The HTML looks something like this:
----
<div class="first section">
<h1>
Section Heading I'm interested in:
</h1>
<ul>
<li>
<form action="foo" method="post" name="">
<button type="submit">foo</button>
</form>
</li>
<li>
<form action="bar" method="post" name="">
<button type="submit">bar</button>
</form>
</li>
</ul>
</div>

<div class="next section">
----

So what I want to do is count the number of li's in a particular div
section. In this case the answer is 2. It might be more, it might be
0.

I can find the section I want with a regex but I don't know how to
iterate through the string looking for particular elements. I was
thinking about taking the section I'm interested in and saving it as
an array and then iterating through each array element (html line)
that way, but I thought there might be a quicker way to do it.

suggestions?

I would say if you aren't exactly concerned with the content of the row. Perhaps just counting the number of lines in the array? I guess you would have to read in the page line by line...but that isn't too hard.

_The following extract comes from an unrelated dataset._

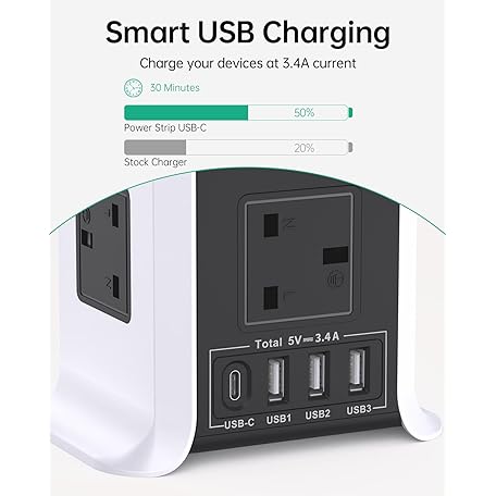 Sản phẩm Tower Extension Lead with USB Slots, 8 Way Multi Plug Extension Tower & 4 USB Ports,Surge Protected Extension Lead with Switch, 2M Extension Cable,Tower Extension Cord for Home, Office đang được bán với giá ưu đãi là $24.8738 tại nước Anh.

---- Paul <tester.paul@gmail.com> wrote:

···

Hi there, I'm using net/http to retrieve some html pages and now I
want to count the number of items in a list on the page. The
response.body is stored as a string.

The HTML looks something like this:
----
<div class="first section">
   <h1>
      Section Heading I'm interested in:
   </h1>
   <ul>
      <li>
         <form action="foo" method="post" name="">
           <button type="submit">foo</button>
         </form>
      </li>
      <li>
         <form action="bar" method="post" name="">
            <button type="submit">bar</button>
         </form>
      </li>
   </ul>
</div>

<div class="next section">
----

So what I want to do is count the number of li's in a particular div
section. In this case the answer is 2. It might be more, it might be
0.

I can find the section I want with a regex but I don't know how to
iterate through the string looking for particular elements. I was
thinking about taking the section I'm interested in and saving it as
an array and then iterating through each array element (html line)
that way, but I thought there might be a quicker way to do it.

suggestions?

TIA

Nokogiri allows direct access to HTML elements as data. I use it a lot
in my work. Try something like:

require 'nokogiri'
page = Nokogiri::HTML response.body
count = 0
page.xpath("//div[@class='first section']).each do |element|
  count += 1 if element.xpath("/ul")
end

Or something along those lines... (I didn't test this first).

···

On Tue, 2010-10-05 at 15:45 -0500, Paul wrote:

Hi there, I'm using net/http to retrieve some html pages and now I
want to count the number of items in a list on the page. The
response.body is stored as a string.

The HTML looks something like this:
----
<div class="first section">
   <h1>
      Section Heading I'm interested in:
   </h1>
   <ul>
      <li>
         <form action="foo" method="post" name="">
           <button type="submit">foo</button>
         </form>
      </li>
      <li>
         <form action="bar" method="post" name="">
            <button type="submit">bar</button>
         </form>
      </li>
   </ul>
</div>

<div class="next section">
----

So what I want to do is count the number of li's in a particular div
section. In this case the answer is 2. It might be more, it might be
0.

I can find the section I want with a regex but I don't know how to
iterate through the string looking for particular elements. I was
thinking about taking the section I'm interested in and saving it as
an array and then iterating through each array element (html line)
that way, but I thought there might be a quicker way to do it.

suggestions?

TIA

I can find the section I want with a regex but I don't know how to
iterate through the string looking for particular elements. I was
thinking about taking the section I'm interested in and saving it as
an array and then iterating through each array element (html line)
that way, but I thought there might be a quicker way to do it.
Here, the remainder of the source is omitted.